* [Exercise description]:
Exact copy, pictures excluded: please retype every record below.

[Supplied entries Boundary: Start]

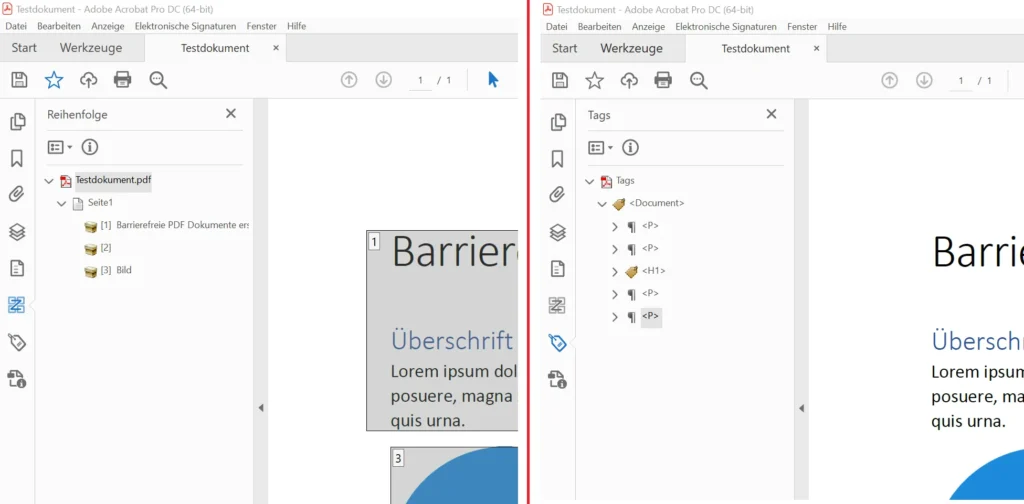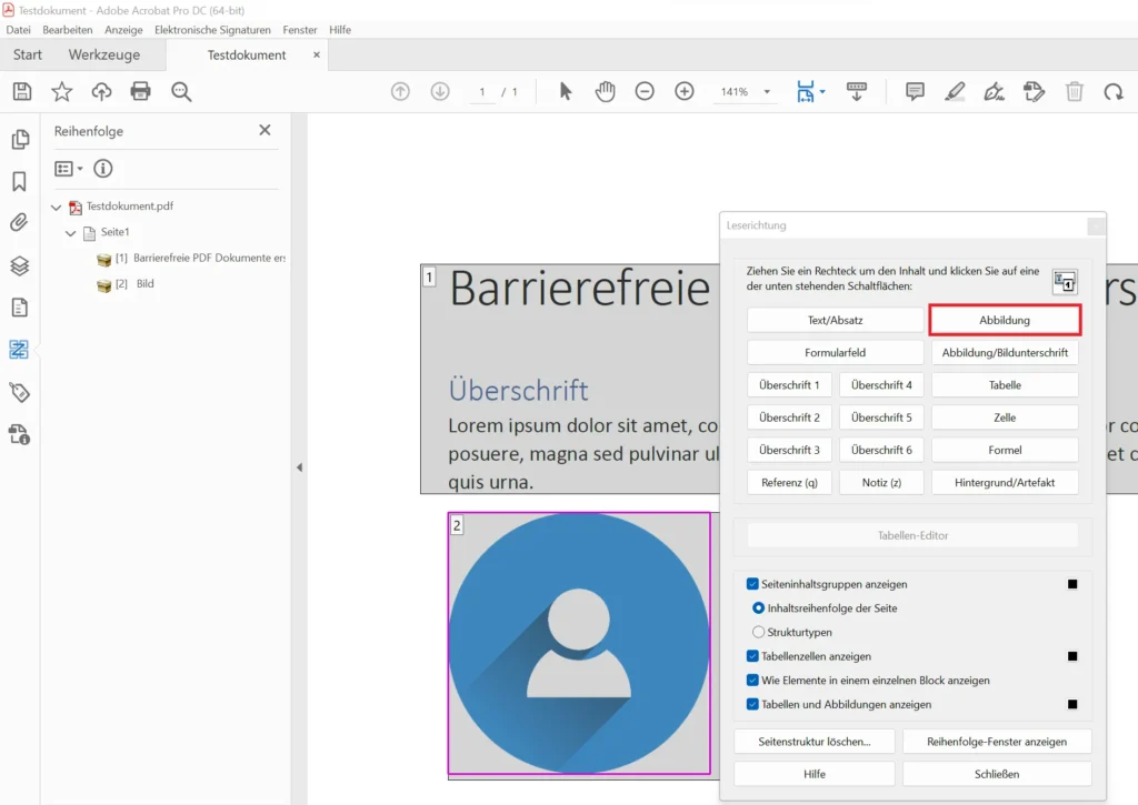 Manchmal tritt im Leserichtung-Fenster der Fehler auf, dass ein Tag nicht korrekt erstellt wird. Im unteren Beispiel wurde ein Bild markiert, welches im Tag-Strukturbaum noch keinen Tag besitzt.
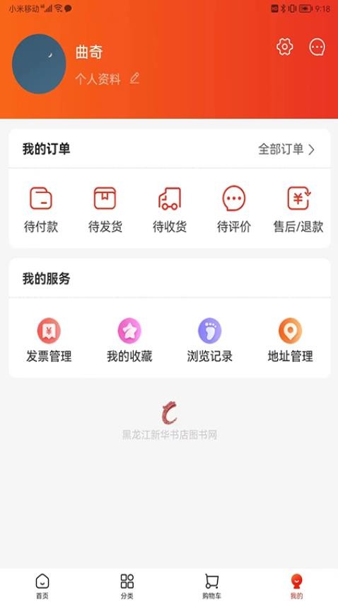 1、在应用商店下载安装黑龙江新华图书网app,完成注册并登录账号;
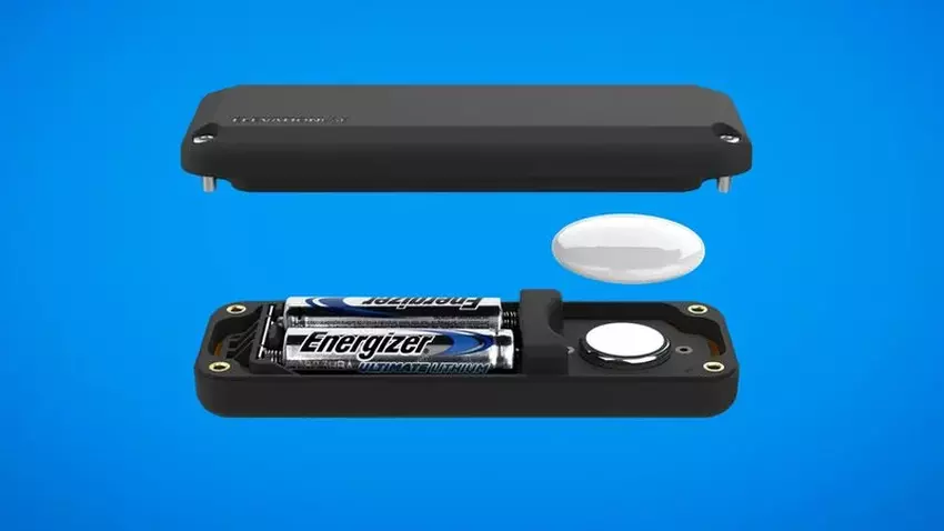 Het apparaat kost $20 en is een speciale behuizing voor AirTag die twee AA-batterijen bevat met 14 keer de capaciteit van de originele CR2032-batterij.
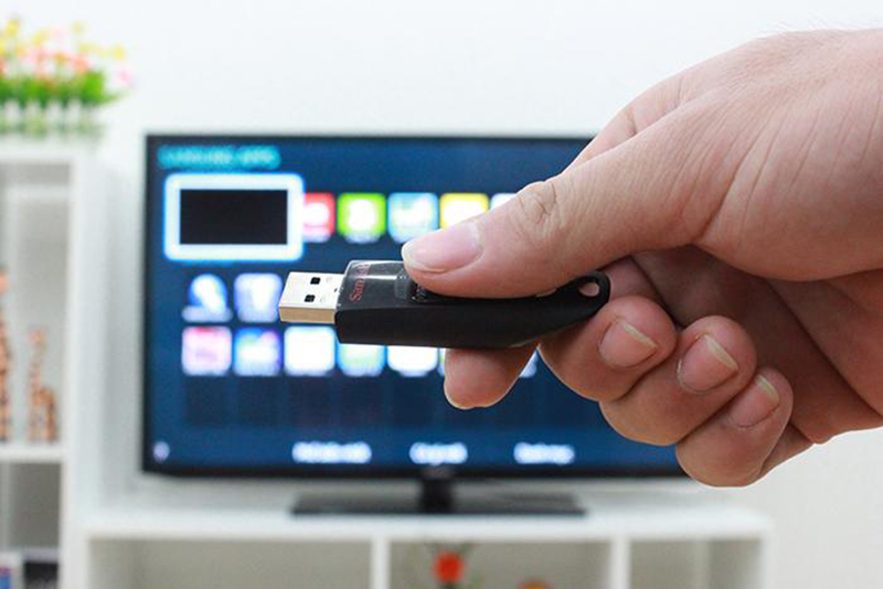 Smart Tivi giúp bạn xem trực tiếp nội dung từ USB mà không phụ thuộc vào thiết bị hỗ trợ nào khác. Bạn có thể cắm trực tiếp vào cổng USB để xem phim, nhạc, xem ảnh trên màn hình Smart Tivi. Định dạng file trên Smart Tivi hạn chế hơn so với định dạng file ở máy tính, thường chỉ đọc được các định dạng hình, nhạc, video, không hỗ trợ đọc văn bản text.
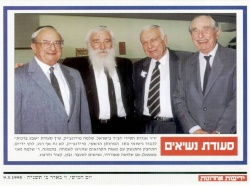 גזיר עיתון המראה את ר' שלוימק'ה עם פרזינדטי המדינה, בשבע ברכות של בתו, תשנ"ה
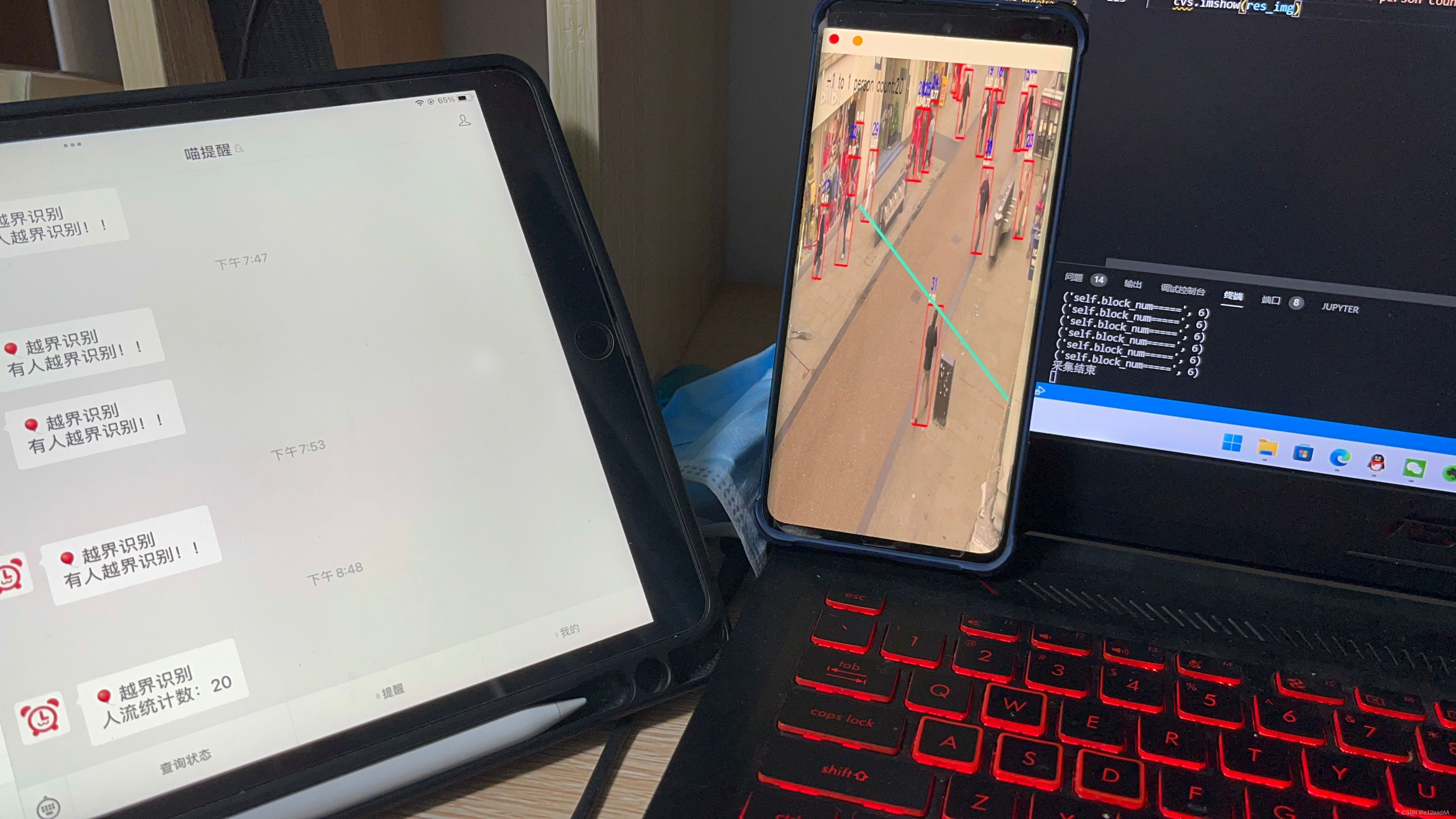 在AI现场应用中,都是通过摄像头采集视频图像,再利用算力设备的算力,进行算法分析处理,得到结果。算力设备主要分为GPU服务器、边缘设备、端侧嵌入式设备。而本文则是将安卓手机(内部有一个AI算力芯片)当作一个端侧嵌入式设备,可以进行一些简单轻量级的AI算法模型处理。主要完成了yolov5在服务器上进行完整的一次训练过程。并利用Windows上的VS软件的远程连接,通过跨平台应用系统Aidlux在安卓
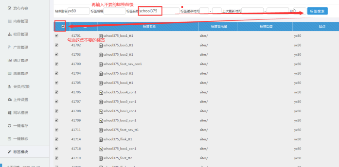 C:在標(biāo)簽?zāi)K里面---輸入這個(gè)站點(diǎn)別名,比如【yx80】------點(diǎn)擊標(biāo)簽搜索----可以看到這個(gè)站點(diǎn)的所有標(biāo)簽,這個(gè)時(shí)候,你可以查看是否有多余的。
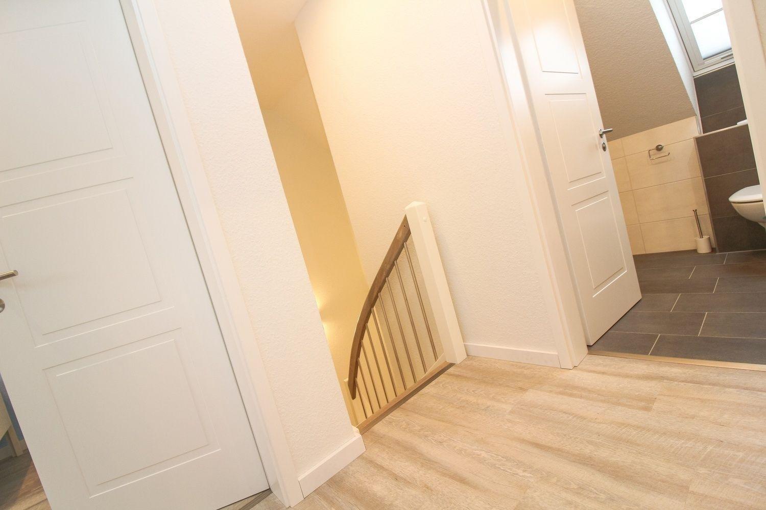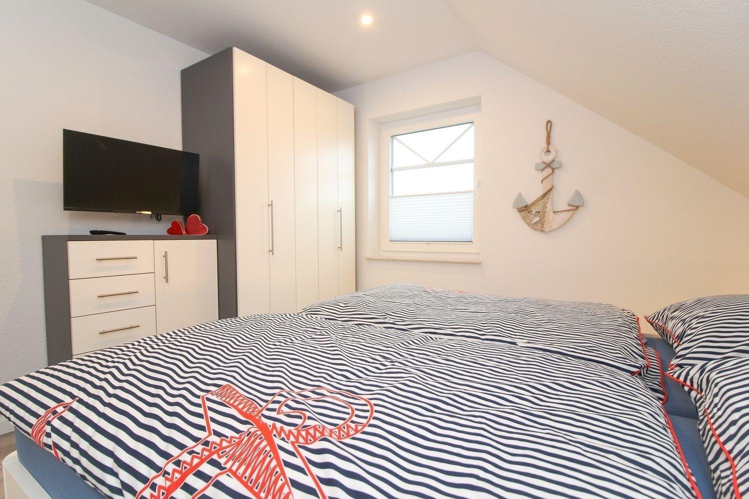 Im Obergeschoß befinden sich ein Schlafzimmer mit Doppelbett, ein Schlafzimmer mit zwei Einzelbetten und ein Gästezimmer mit ausklappbare Schlafcouch für zwei Personen (Maße 150 x 200m).
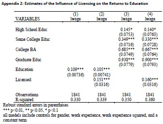 Still, the question remains: How much of the return to education is a disguised licensing premium? Kleiner and Krueger create a brand new data set that allows them to directly answer this question. Even though they find a large licensing premium, they conclude that licensing only mildly inflates the return to education. Their results:
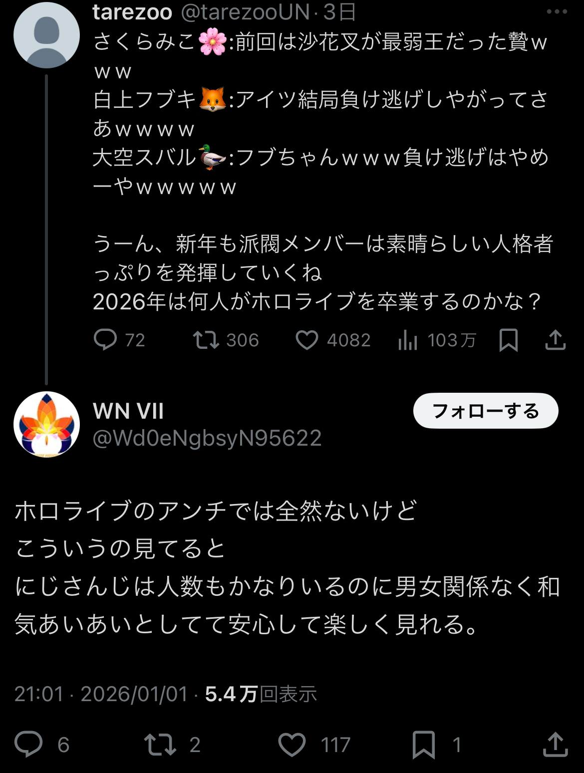 | … | 426/01/06(火)09:52:57No.1389942033そうだねx15にじさんじ界隈とV界隈は違くね?スレ画みたいなデマを信じる所とか |
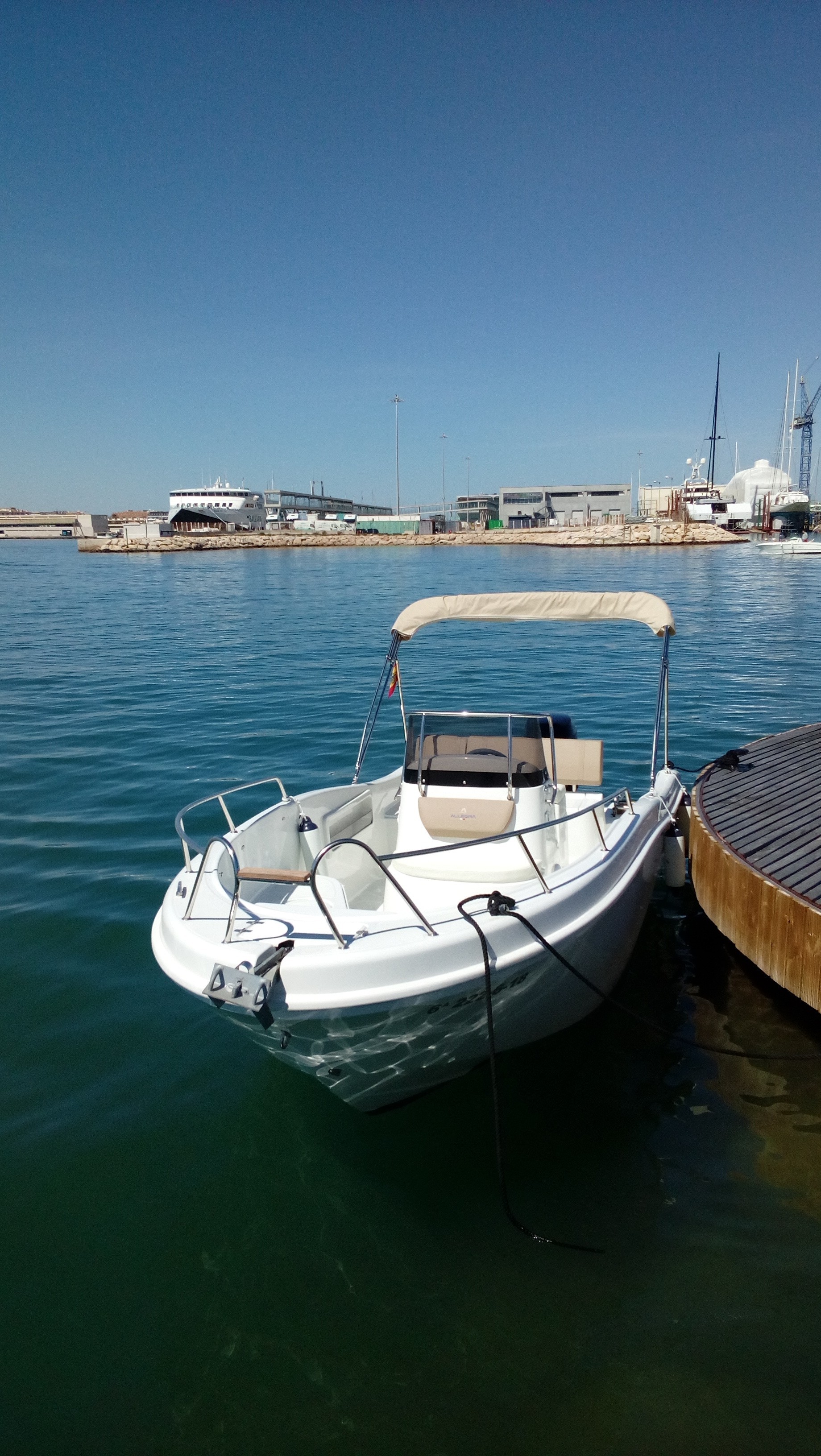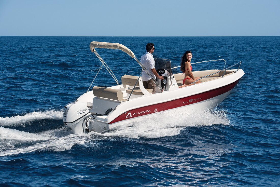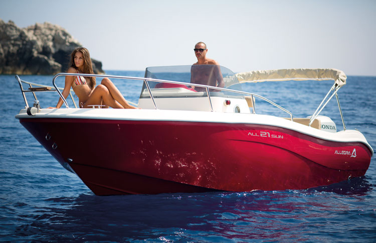 Alquiler barco en Denia con LICENCIA DE NAVEGACIÓN para su manejo. Alquiler de barcos en Denia / Rent a boat in Denia. NUEVO barco ALLEGRA 19 Sun de 5,75 metros de eslora, Equipado con motor SUZUKI de 115 cv. ducha de agua dulce, toldo parasol, escalera de baño, depósito de combustible de 70 litros, amplio solárium en proa. Con capacidad para 6 personas. Disfruta desde el mar la Costa Blanca. Además podrás realizar actividades acuáticas desde la embarcación. Alquilamos la EMBARCACIÓN CON PATRÓN si no poseen de la licencia náutica. Combustible no incluido en el precio.

[Supplied entries Boundary: End]

* [Task response]:
 Manchmal tritt im Leserichtung-Fenster der Fehler auf, dass ein Tag nicht korrekt erstellt wird. Im unteren Beispiel wurde ein Bild markiert, welches im Tag-Strukturbaum noch keinen Tag besitzt.
 1、在应用商店下载安装黑龙江新华图书网app,完成注册并登录账号;
 Het apparaat kost $20 en is een speciale behuizing voor AirTag die twee AA-batterijen bevat met 14 keer de capaciteit van de originele CR2032-batterij.
 Smart Tivi giúp bạn xem trực tiếp nội dung từ USB mà không phụ thuộc vào thiết bị hỗ trợ nào khác. Bạn có thể cắm trực tiếp vào cổng USB để xem phim, nhạc, xem ảnh trên màn hình Smart Tivi. Định dạng file trên Smart Tivi hạn chế hơn so với định dạng file ở máy tính, thường chỉ đọc được các định dạng hình, nhạc, video, không hỗ trợ đọc văn bản text.
 גזיר עיתון המראה את ר' שלוימק'ה עם פרזינדטי המדינה, בשבע ברכות של בתו, תשנ"ה
 在AI现场应用中,都是通过摄像头采集视频图像,再利用算力设备的算力,进行算法分析处理,得到结果。算力设备主要分为GPU服务器、边缘设备、端侧嵌入式设备。而本文则是将安卓手机(内部有一个AI算力芯片)当作一个端侧嵌入式设备,可以进行一些简单轻量级的AI算法模型处理。主要完成了yolov5在服务器上进行完整的一次训练过程。并利用Windows上的VS软件的远程连接,通过跨平台应用系统Aidlux在安卓
 C:在標(biāo)簽?zāi)K里面---輸入這個(gè)站點(diǎn)別名,比如【yx80】------點(diǎn)擊標(biāo)簽搜索----可以看到這個(gè)站點(diǎn)的所有標(biāo)簽,這個(gè)時(shí)候,你可以查看是否有多余的。
 Im Obergeschoß befinden sich ein Schlafzimmer mit Doppelbett, ein Schlafzimmer mit zwei Einzelbetten und ein Gästezimmer mit ausklappbare Schlafcouch für zwei Personen (Maße 150 x 200m).
 Still, the question remains: How much of the return to education is a disguised licensing premium? Kleiner and Krueger create a brand new data set that allows them to directly answer this question. Even though they find a large licensing premium, they conclude that licensing only mildly inflates the return to education. Their results:
 | … | 426/01/06(火)09:52:57No.1389942033そうだねx15にじさんじ界隈とV界隈は違くね?スレ画みたいなデマを信じる所とか |
 Alquiler barco en Denia con LICENCIA DE NAVEGACIÓN para su manejo. Alquiler de barcos en Denia / Rent a boat in Denia. NUEVO barco ALLEGRA 19 Sun de 5,75 metros de eslora, Equipado con motor SUZUKI de 115 cv. ducha de agua dulce, toldo parasol, escalera de baño, depósito de combustible de 70 litros, amplio solárium en proa. Con capacidad para 6 personas. Disfruta desde el mar la Costa Blanca. Además podrás realizar actividades acuáticas desde la embarcación. Alquilamos la EMBARCACIÓN CON PATRÓN si no poseen de la licencia náutica. Combustible no incluido en el precio.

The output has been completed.